Solving this numerically appears to be the only way forward for me, too, but with the original data, one would have to solve an equation with two integrals numerically, which I find rather…ugly (although certainly do-able within a short time). I was hoping there was any way to reduce this sensibly to a first-order ODE or to massage our data somehow to "just" integrate twice rather than having to solve an equation with these integrals, too (as hinted at in the last part). –  Claudius Nov 28 '12 at 16:41

As John Rennie points out, you can solve Claudius equation analytically is you split it into two different cases. Your basic equation is

$$m \dot{v} = -mg \mp k v^2,$$

with the drag being negative on the way up, and positive coming down. It will make things simpler to make everything dimensionless. We have $[m]=M$, $[k]=ML^{-1}$ and $[g]=LT^{-2}$, so we can construct the following dimensionless variables for time, space, velocity and acceleration:

$$t=\sqrt{\frac{m}{gk}}\tau,\ x=\frac{m}{k}\xi,\ v=\sqrt{\frac{gm}{k}}\omega,\ a=g\alpha,$$

and turn the equation into

$$\dot{\omega} = -1 \mp \omega^2,$$

or equivalently

$$\frac{\dot{\omega}}{1 \pm \omega^2} = -1.$$

On the way up, positive sign in the denominator, this can be integrated as

$$\arctan \omega = -\tau + T_1,\ \omega = \tan(T_1-\tau),$$

If the launch happens at $\tau=0$ with $\omega=\omega_0$, we can figure out that $T_1=\arctan \omega_0$, which is also the time it takes the projectile to climb to its apex..

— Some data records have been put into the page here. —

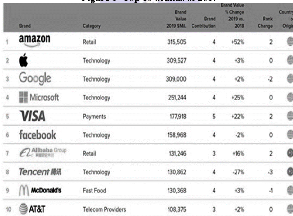
Figure 1- Top 10 brands of 2019
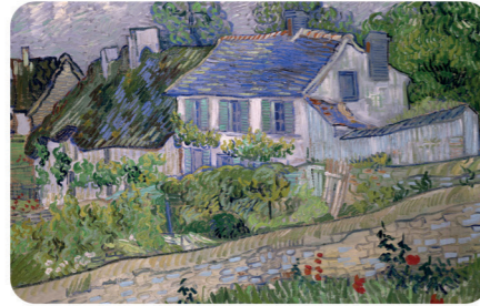
Houses at Auvers by Vincent van Gogh, 1890
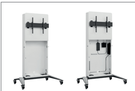
Accessories are protected inside the corpus
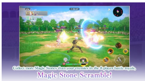
Fight Many Players in a Battle Royale
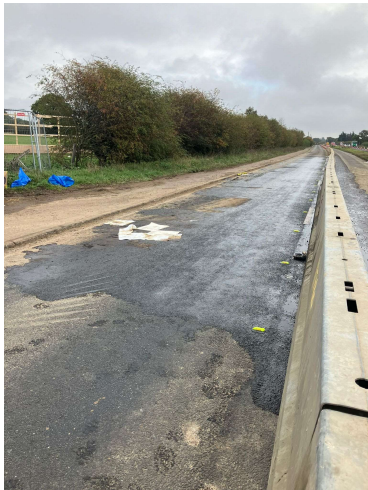
Aftermath of the diesel spill
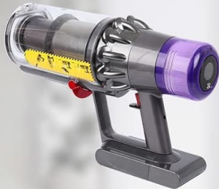
V11 SV14 Screw-in Battery Vacuum Cleaner
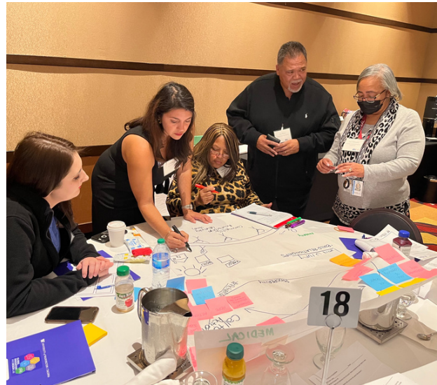
Group 18 works on a Build Relationships: Call to Action hero story
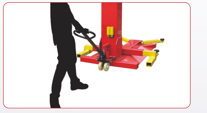
"Pallet jack"style device allows the lift to be moved wherever you need it.
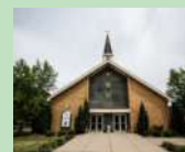
Queen of Martyrs
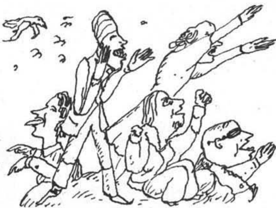
In Ashikaga, Japan, people participate in the Akutare Matsuri, or the Festival of Abusive Language. They climb a hill to the 1,200-year-old Saishoji temple while screaming curses and railing at employers, teachers, politicians. After that catharsis, they welcome the new year with ceremonies in the temple to allow happiness to flow in the coming months.
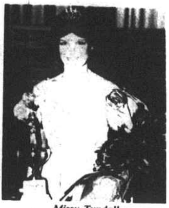
Miss FMA Crowned On Wednesday night, April 20, the elegant historic auditorium of Flora Macdonald Academy was the site of the crowning of Miss FMA of 1983.
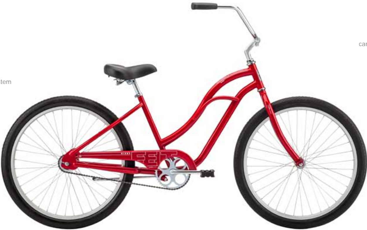
candy apple red

Cantilever steel frame 1sp w/ coaster brake Aluminum adjustable height quill stem w/ Hi-rise cruiser bar Extra-wide 32mm aluminum rims w/ stainless steel spokes 26 x 2.125 balloon cruiser tires
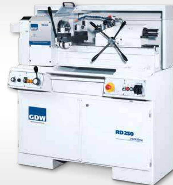
Image including options
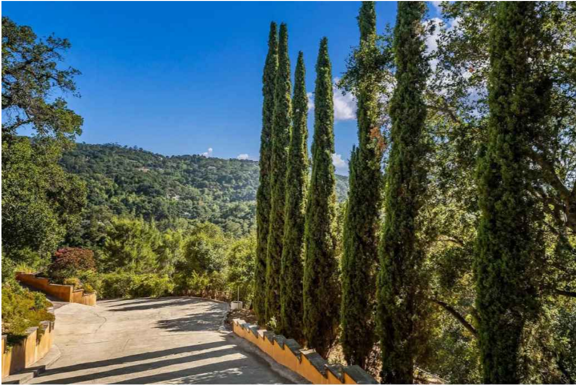
LOOKING DOWN VIVIAN DRIVE WHERE NEW DRIVEWAY WILL ENTER
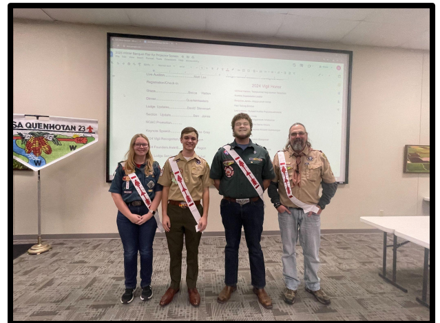
The Lodge recognized those who received Vigil honors this past year.
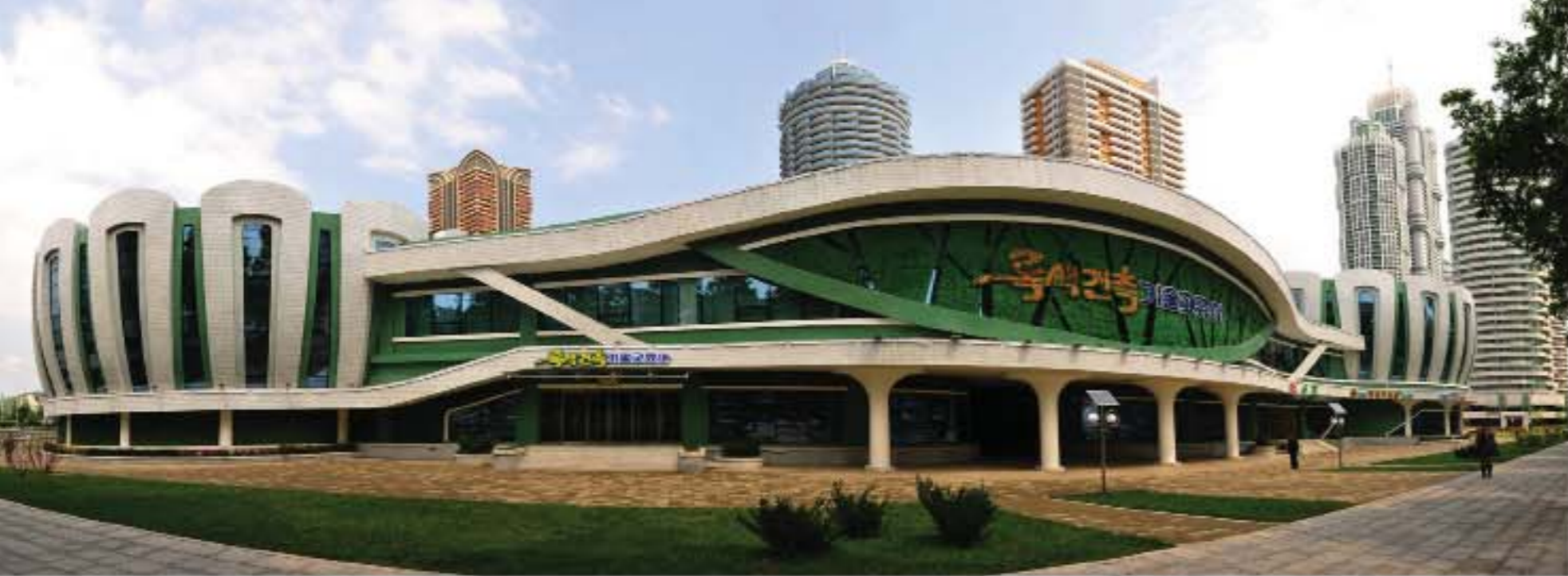
Green Architectural Technology Company
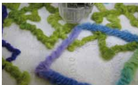
When design fills and thickens, eliminate hoop.
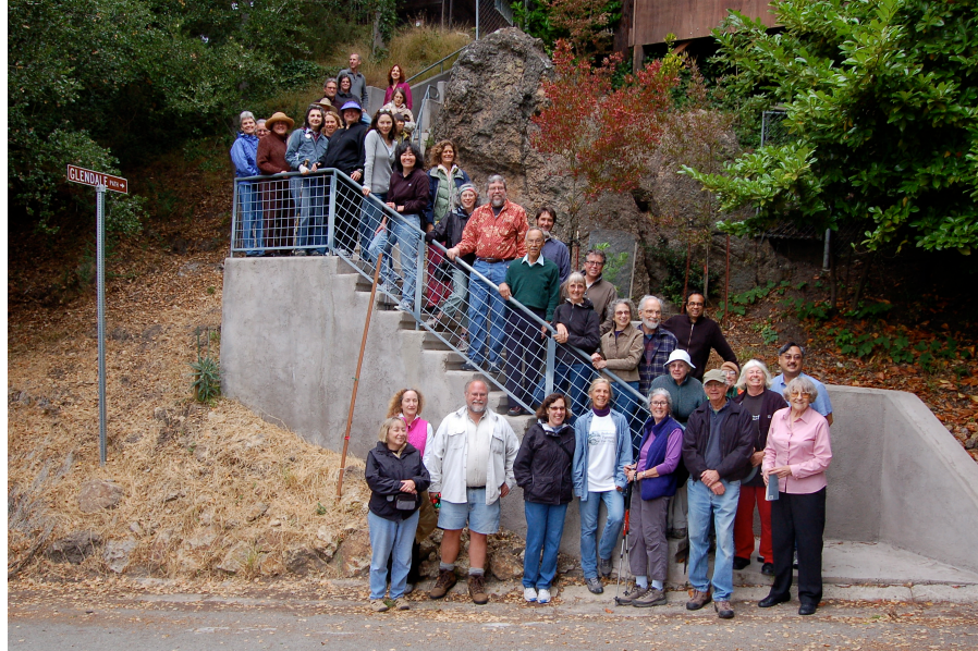
Path Wanderers, city officials, and neighbors turned out on August 5 to dedicate the three-part Glendale Path

The Berkeley Path Wanderers Association is a volunteer group of community members who have come together to increase public awareness of the City of Berkeley's pathways. Our activities include guided path walks, the mapping of Berkeley's path network, the building of paths that are proposed, and the restoration of those that need maintenance.

Integrating one more time,

$$\xi = \log(\cos(\arctan \omega_0-\tau)) + \Xi_1,$$

and at $\tau=0$ we have $\xi=0$, so $\Xi_1, = -\log(\cos(\arctan \omega_0))$, or

$$\xi = \log \frac{\cos(\arctan \omega_0-\tau)}{\cos(\arctan \omega_0)},$$

and the maximum height reached by the projectile will be

$$\xi_{max} = \log \frac{1}{\cos(\arctan \omega_0)}.$$

On the way down, negative sign in the denominator, we can also integrate to get

$$\tanh^{-1}\omega = -\tau +T_2,\ \omega = \tanh(T_2-\tau)$$

and we want to have $\omega=0$ when $\tau=\arctan \omega_0$, to have a common times origin, so we again get $T_2 = \arctan \omega_0$.

Integrating once more,

$$\xi = -\log(\cosh(\arctan \omega_0-\tau)) + \Xi_2,$$

and since when $\tau=\arctan \omega_0$ we have $\xi=\log \frac{1}{\cos(\arctan \omega_0)}$, we can figure out $\Xi_2 = \log \frac{1}{\cos(\arctan \omega_0)}$, so

$$\xi = -\log(\cosh(\arctan \omega_0-\tau)) + \log \frac{1}{\cos(\arctan \omega_0)},$$

and when your potato returns to the ground $\xi=0$ and

$$\cosh(\arctan \omega_0-\tau) = \frac{1}{\cos(\arctan \omega_0)}.$$

From this last equation, you want to figure out $\omega_0$, your launch speed, given $\tau$, the total flight time. And this last part, I'd suggest doing numerically...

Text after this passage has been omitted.